IRM 2.152.1 dated October 13, 2015 is superseded.

Audience

This policy is applicable to all projects following the Enterprise Life Cycle (ELC), and all applications that use the Data Management Service.

Effective Date

(08-19-2019)


Chief Information Officer

Program Scope and Objectives

  1. Overview - The objectives of Data Engineering Policy is to establish the High Level Guidelines for the Data Management Process, Naming Data Element(s)/Object(s), and if possible, Future Subprocesses within IRS for agency-wide Project Offices to follow.

  2. Purpose - The purpose of this policy is to establish the organizational policy for planning and performing the Data Engineering Processes within the IRS environment.

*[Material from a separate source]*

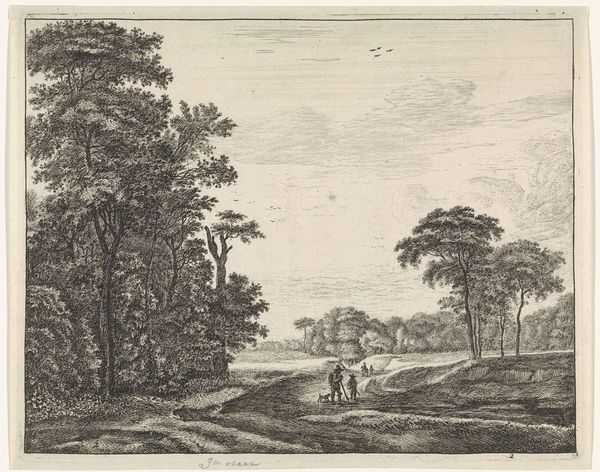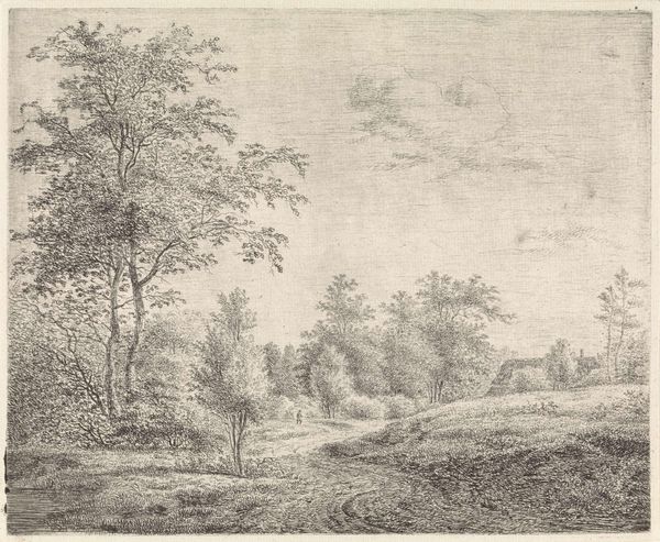 Adrianus Serné’s etching presents us with a path winding through a wooded hill, a solitary figure accompanied by a dog. The trees, with their gnarled branches reaching skyward, evoke the ancient symbol of the Tree of Life, a motif that has appeared across cultures from the Norse Yggdrasil to the biblical Tree of Knowledge. In Serné’s rendering, these trees aren't merely botanical features, but silent witnesses to human passage. This motif of the lone wanderer, akin to Caspar David Friedrich's figures, strikes a deep chord within us. Consider how the image of a tree, once a symbol of fertility and connection to the earth, evolves across art. The image of a path, too, can be seen in myriad contexts, like the spiritual journeys depicted in medieval tapestries. The path that Serné depicts evokes a sense of introspection and the cyclical nature of existence, inviting us to reflect on our own journeys and the echoes of those who have walked before us.

This policy has been created to manage enterprise-wide data engineering processes more easily and efficiently so that the business can maximize its data value within IRS.

  3. Audience - This policy is applicable to all projects following the Enterprise Life Cycle (ELC), and all applications that use the Data Management Service.

  4. Policy Owner -The Chief Information Officer is responsible for overseeing all aspects of Data Management Process that operates IRS agency-wide Data Management Process.

  5. Program Owner -The Chief of Process Maturity Group under the Director of Enterprise Services, Solution Engineering Division is responsible for the administration, procedures, and updates related to the program IRM.

  6. Primary Stakeholders - The Chief of Data Engineering Group under Enterprise Services, Solution Engineering Division is the Primary Stakeholders of this IRM has input in the procedures.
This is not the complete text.